Question

I would like to make Vim insert a timestamp each time I make a new line. From Best way to insert timestamp in Vim? I can see there's a way of inserting a timestamp on keypress:

nmap <F3> a<C-R>=strftime("%Y-%m-%d %a %I:%M %p")<CR><Esc>
imap <F3> <C-R>=strftime("%Y-%m-%d %a %I:%M %p")<CR>

Likely I could just map Enter to this, instead of F3; however, this is a kludge (for instance, I could press CtrlM). Is there a way to trigger an action on newline in Vim?

No correct solution

OTHER TIPS

<CR>, <Enter>, and <C-M> are all synonyms in Vim. Therefore, it's sufficient to define this mapping:

:imap <buffer> <CR> <CR><C-R>=strftime("%Y-%m-%d %a %I:%M %p ")<CR>

I chose a buffer-local mapping because you probably only want this for certain filetypes.
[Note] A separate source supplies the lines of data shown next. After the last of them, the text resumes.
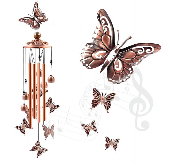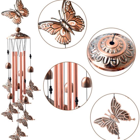 Geef uw tuin, balkon of interieur een vleugje elegante rust met deze vintage metalen windgong in een warme rode bronzen tint. De zorgvuldig vormgegeven vlindermotieven voegen een sierlijke charme toe, terwijl de zachte klanken van de windgong voor een kalmerende sfeer zorgen. Of u hem nu binnen of buiten ophangt, de weerbestendige constructie en hoogwaardige afwerking zorgen ervoor dat u lang van dit stijlvolle decoratiestuk kunt genieten.
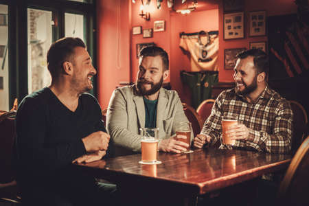 Group of friends drinking beer and having fun in a pub or restaurant.
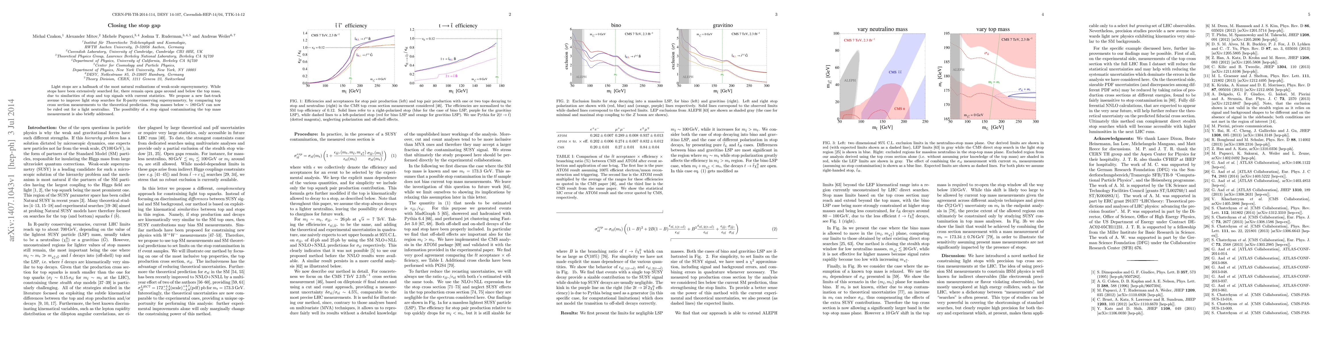 Light stops are a hallmark of the most natural realizations of weak-scale supersymmetry. While stops have been extensively searched for, there remain open gaps around and below the top mass, due to similarities of stop and top signals with current statistics. We propose a new fast-track avenue to improve light stop searches for R-parity conserving supersymmetry, by comparing top cross section measurements to the theoretical prediction. Stop masses below ~ 180 GeV can now be ruled out for a light neutralino. The possibility of a stop signal contaminating the top mass measurement is also briefly addressed.
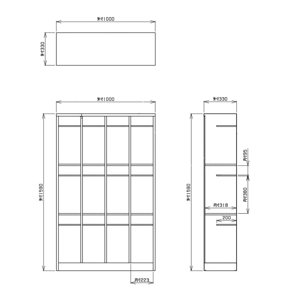 靴箱 オープンシューズボックス 4列3段 中棚付 ホワイトグレー 固定スチール棚 W1000×D330×H1590mm 35.3kg【オフィス家具市場】【日本製】【HSB-43T】
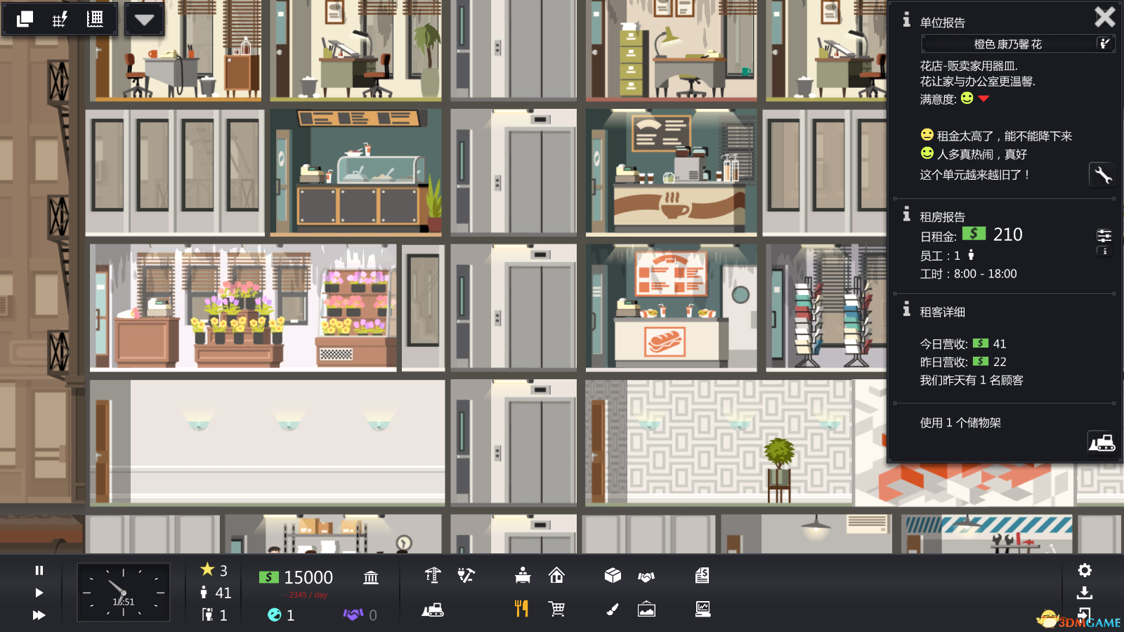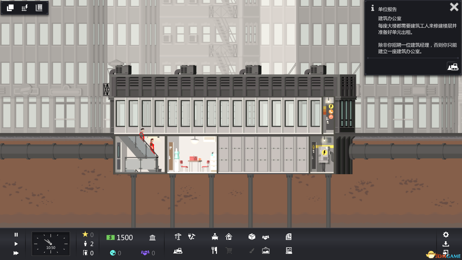 《大厦管理者(Project Highrise)》是由SomaSim制作的一款模拟经营类游戏,游戏中玩家管理一座大厦,不断满足大厦内居民的需求,合理规划布局,吸引更多居民,使用资金扩大规模!

You can define that for certain filetypes by prepending :autocmd Filetype <filetype> ..., and put that into your ~/.vimrc. But that get's unwieldy as you add mappings and other settings for various filetypes. Better put the commands into ~/.vim/ftplugin/<filetype>_mappings.vim. (This requires that you have :filetype plugin on.)

This still won't cover pasted text. I doubt you'd really want that (it's better to prepend the timestamps afterwards), but you can look into the (recently added) TextChanged event to implement that.